-- Work order --
Apart from the images, output the data below exactly.

*** Data section ***

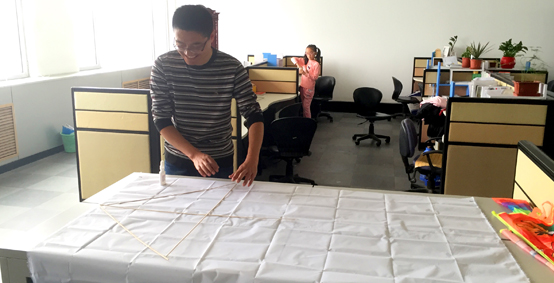 上午9点,,,,,,加入运动的同事们都准时抵达了监控大厅。。。。。。。在简朴解说了鹞子的制作要领和注重事项后,,,,,,各小组领取了竹签、鹞子布、胶水、颜料、线轴等质料,,,,,,最先创作自己的鹞子作品。。。。。。。创作历程中,,,,,,各人围绕“创意无限”的主题,,,,,,充分展示小我私家气概和DIY功底。。。。。。。有唯美的蝴蝶鹞子,,,,,,有可爱的卡通人物鹞子,,,,,,尚有完全解放头脑的涂鸦气概。。。。。。。各小组制作完成后,,,,,,经由在监控大厅鹞子工艺与创意的评选,,,,,,各人一致以为软件手艺中心的“花蝴蝶”绘画最是细腻,,,,,,也获得了该环节的最高分。。。。。。。
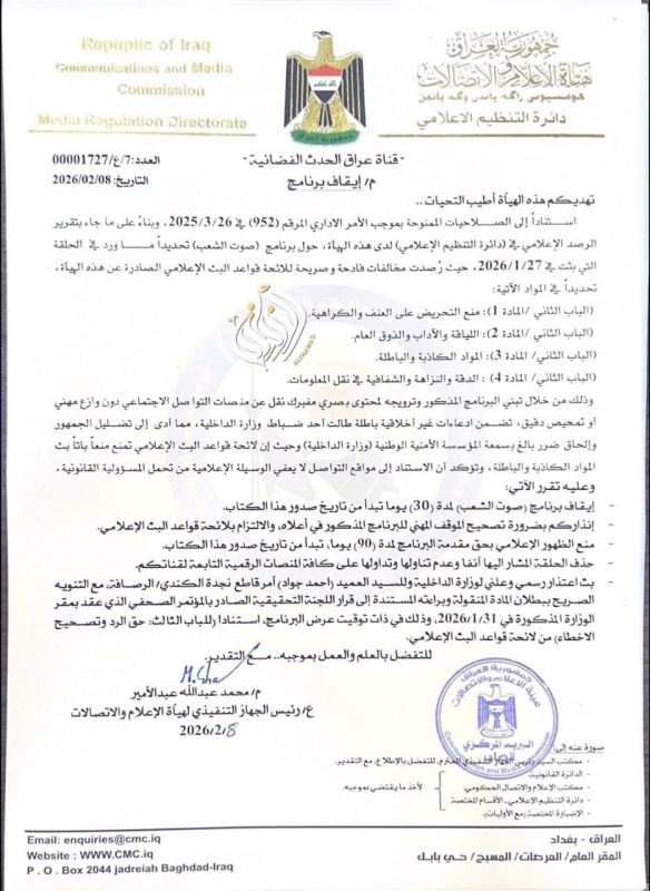 قررت هيئة الإعلام والاتصالات، اليوم الأحد، ( 8 شباط 2026 )، اتخاذ سلسلة من الإجراءات العقابية بحق قناة فضائية محلية، على خلفية محتوى برنامج أساء لضابط في وزارة الداخلية.
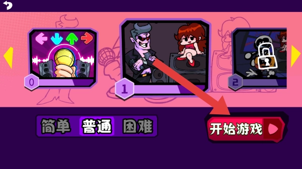 2、界面显示关卡0、1、2,其中2号关卡处于锁定状态;难度选项包含简单、普通、困难三个档位;此外还设有开始游戏按钮,以及与各关卡对应的角色和场景图案。

***

-- Result for this exercise --
 上午9点,,,,,,加入运动的同事们都准时抵达了监控大厅。。。。。。。在简朴解说了鹞子的制作要领和注重事项后,,,,,,各小组领取了竹签、鹞子布、胶水、颜料、线轴等质料,,,,,,最先创作自己的鹞子作品。。。。。。。创作历程中,,,,,,各人围绕“创意无限”的主题,,,,,,充分展示小我私家气概和DIY功底。。。。。。。有唯美的蝴蝶鹞子,,,,,,有可爱的卡通人物鹞子,,,,,,尚有完全解放头脑的涂鸦气概。。。。。。。各小组制作完成后,,,,,,经由在监控大厅鹞子工艺与创意的评选,,,,,,各人一致以为软件手艺中心的“花蝴蝶”绘画最是细腻,,,,,,也获得了该环节的最高分。。。。。。。
 قررت هيئة الإعلام والاتصالات، اليوم الأحد، ( 8 شباط 2026 )، اتخاذ سلسلة من الإجراءات العقابية بحق قناة فضائية محلية، على خلفية محتوى برنامج أساء لضابط في وزارة الداخلية.
 2、界面显示关卡0、1、2,其中2号关卡处于锁定状态;难度选项包含简单、普通、困难三个档位;此外还设有开始游戏按钮,以及与各关卡对应的角色和场景图案。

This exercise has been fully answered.